Emotivas cartas de amor para tu perro fallecido: descansa en paz amigo

Preciosas palabras para una mascota en el cielo

Tamara Sánchez

Cartas de amor para perros fallecidos

Advertencia: si tienes o has tenido perro alguna vez en tu vida, vas a sentirte muy identificada con todo lo que vas a leer a continuación. Porque cuando un perro llega a casa revoluciona nuestro mundo por completo. Desde el mismo momento en que entra por la puerta, jamás volvemos a ser los mismos. Porque él nos cambia (siempre a mejor), nos enseña a sacar nuestro lado más humano, más cariñoso, más noble.

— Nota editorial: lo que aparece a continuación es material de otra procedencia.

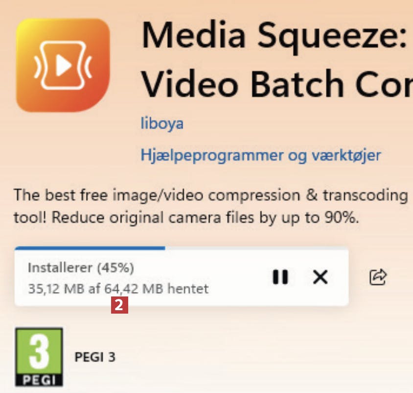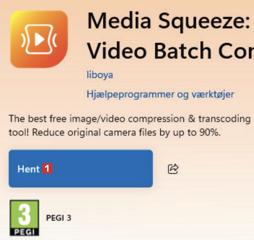 Du skal starte med at hente Media Squeeze på vores hjemmeside. Herefter åbnes Microsoft Store i Windows, hvor installationen gennemføres.
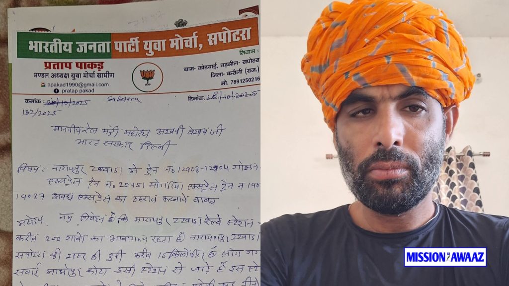 Narayanpur/Sapotra: BJP leader Pratap Pakad has written a letter to Railway Minister Ashwani Vaishnav, demanding the stoppage of three major trains at Narayanpur Tatwara railway station. In the letter, he stated that train number 12903/12904 Golden Temple Express, train number 20451 Saugaria Express, and train number 19037/19038 Avadh Express should stop at Narayanpur Tatwara station.
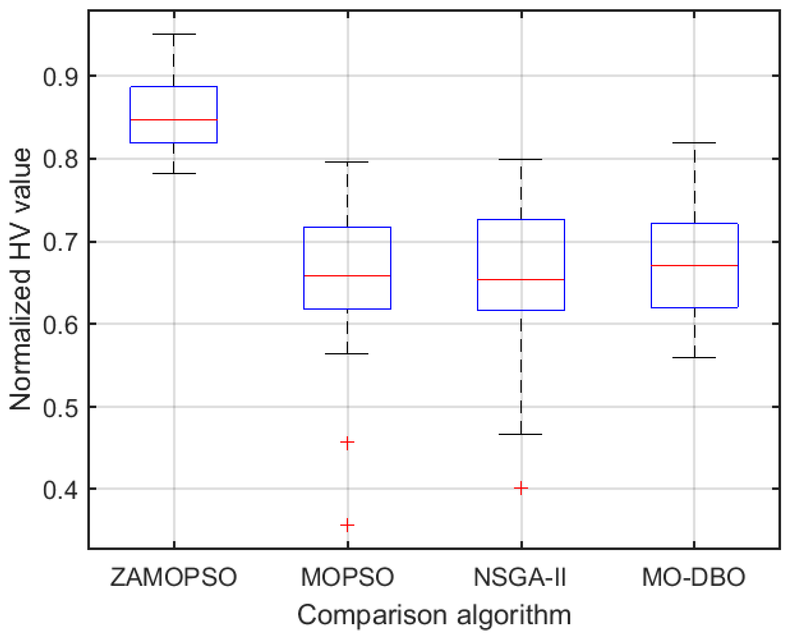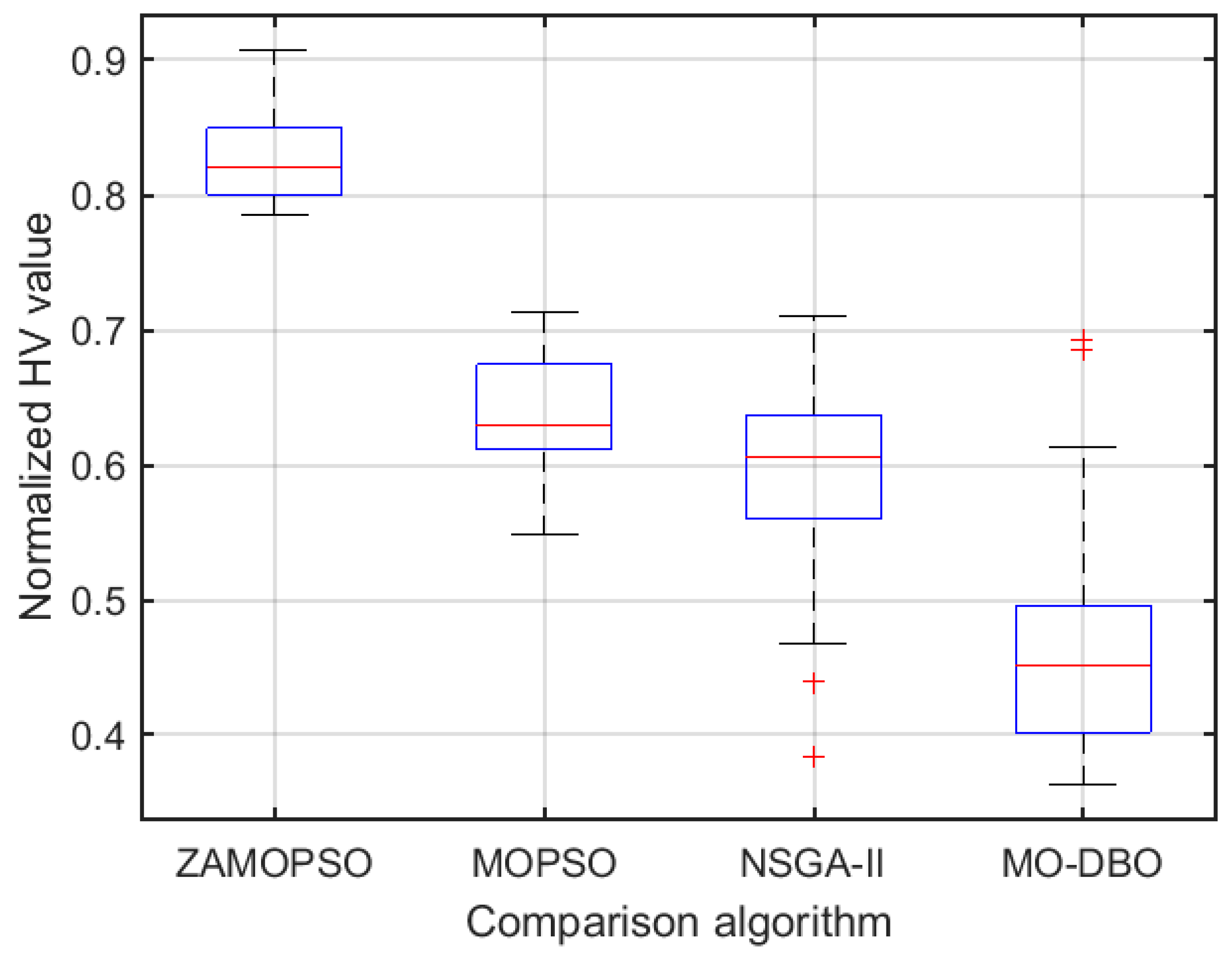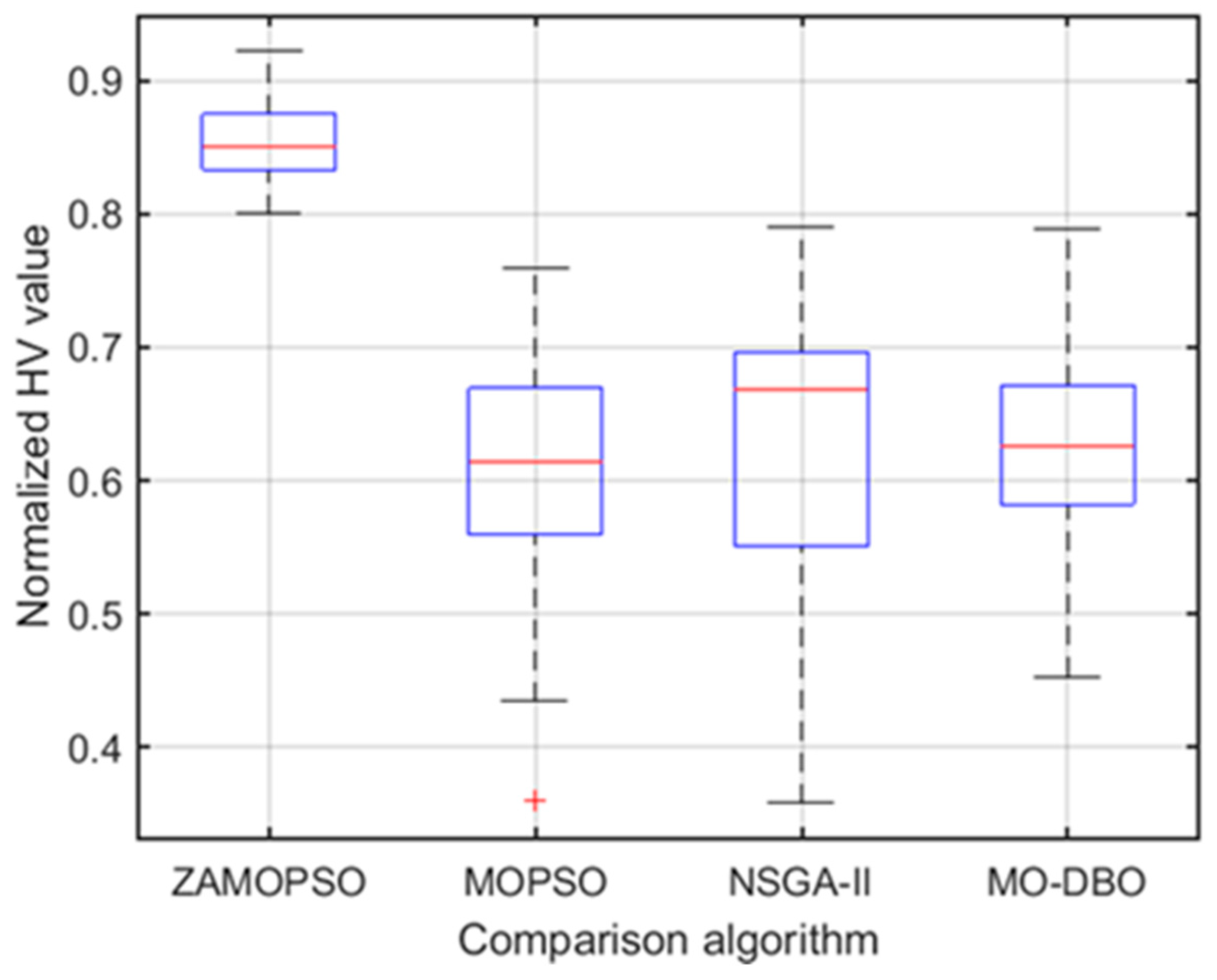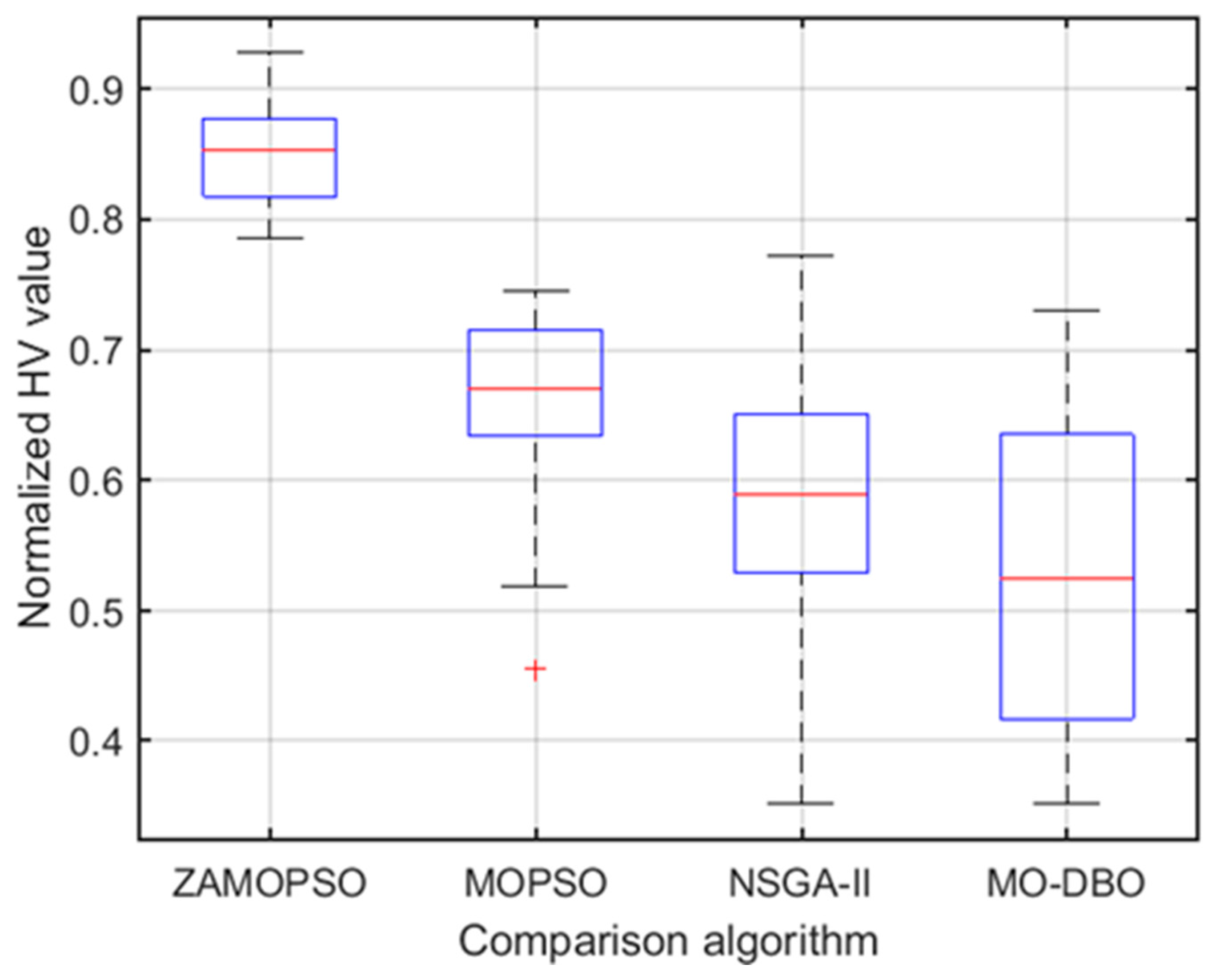 Table 18 displays the comparative HV metric results for each algorithm. As shown, compared with AMOPSO, the maximum HV, minimum HV, and mean HV of ZAMOPSO increased by approximately 21.47%, 36.45%, and 20.79%, respectively, indicating that the particle update strategy based on the Zaslavskii chaotic sequence effectively improved the convergence and diversity of the algorithm. Furthermore, compared with MOPSO, AMOPSO achieved improvements of 5.22%, 48.97%, and 20.37% in the maximum HV, minimum HV, and mean HV, respectively, indicating that the dynamic parameter adjustment strategy and the crowdedness-based guiding particle selection strategy effectively enhance the algorithm’s performance.
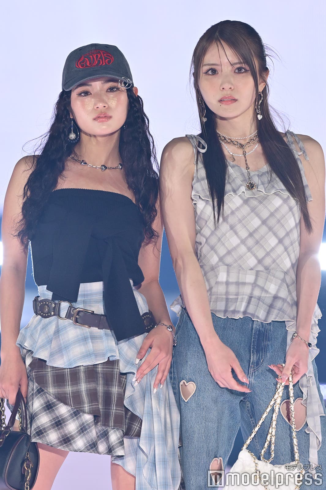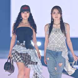 moxymill・NONA&RIO(北里理桜)、夏っぽファッションで登場 チェックのリンクコーデ【GirlsAward 2025SS】
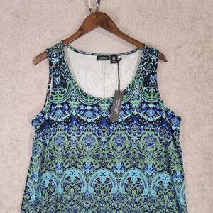 NWT Jones & Co Womens Sleeveless Printed Asymmetrical Dress 1X Rayon/Spandex
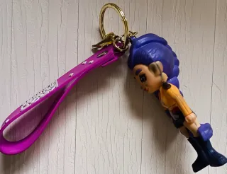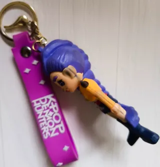 Llavero con figura de personaje de K-POP DEMONHUNTERS. - Figura de personaje con pelo morado y traje amarillo. - Correa morada con detalles blancos.

No cabe ninguna duda de que una vida junto a un amigo canino es una vida feliz. Ojalá fueran eternos, ¿verdad? La peor parte viene cuando tienen que partir… Cuando las puertas del cielo se abren para recibirles y nosotros nos quedamos aquí desolados sin su presencia, con un enorme vacío, y echándoles de menos a cada segundo. Por todo esto, hoy, en Diario Femenino, queremos rendirles homenaje a todos esos peludos que dejaron una gran huella en nuestro corazón. Porque, por experiencia, sabemos lo mucho que duele perderles. Hemos escrito con mucho cariño estas emotivas cartas de amor que puedes dedicar a tu perro fallecido. Aunque él ya no esté, su recuerdo te acompañará por siempre. Descansad en paz fieles amigos...

Índice de contenidos

Conmovedoras y preciosas cartas de amor para los perros que ya están en el cielo

No nos vamos a engañar. A veces incluso queremos más a nuestra mascota que a personas de nuestra propia familia. Y es que ese alma inocente nos acompaña allá donde vamos y nos es siempre fiel. Esto va por vosotros amigos peludos:

+ Modelo de carta 1: siempre en mi corazón

Carta 1 para tu perro fallecido

Esta mañana me he levantado y no estabas. Todavía no me acostumbro a que no me despiertes con tus lametazos en la cara pidiéndome alegremente comida. Cuántas veces he refunfuñado por ello (en el fondo eras mi despertador favorito) y cuántas veces me he sentido la persona más afortunada de la tierra por tenerte en mi cama meneando enérgicamente la cola con esa adorable sonrisa con dientes que se te ponía cuando por fin abría los ojos y te acariciaba. Me llenabas de alegría y de vida. Gracias a ti empezaba los días con la máxima motivación.

Y lo mismo sucedía cuando llegaba a casa. Por muy mal día que hubiera tenido en el trabajo, por muchas discusiones que hubiera tenido con mi jefe, nada más importaba. Porque tú estabas ahí en la puerta preparado para recibirme y darme de nuevo todo tu cariño y amor. ¡Quién mejor que tú para animarme!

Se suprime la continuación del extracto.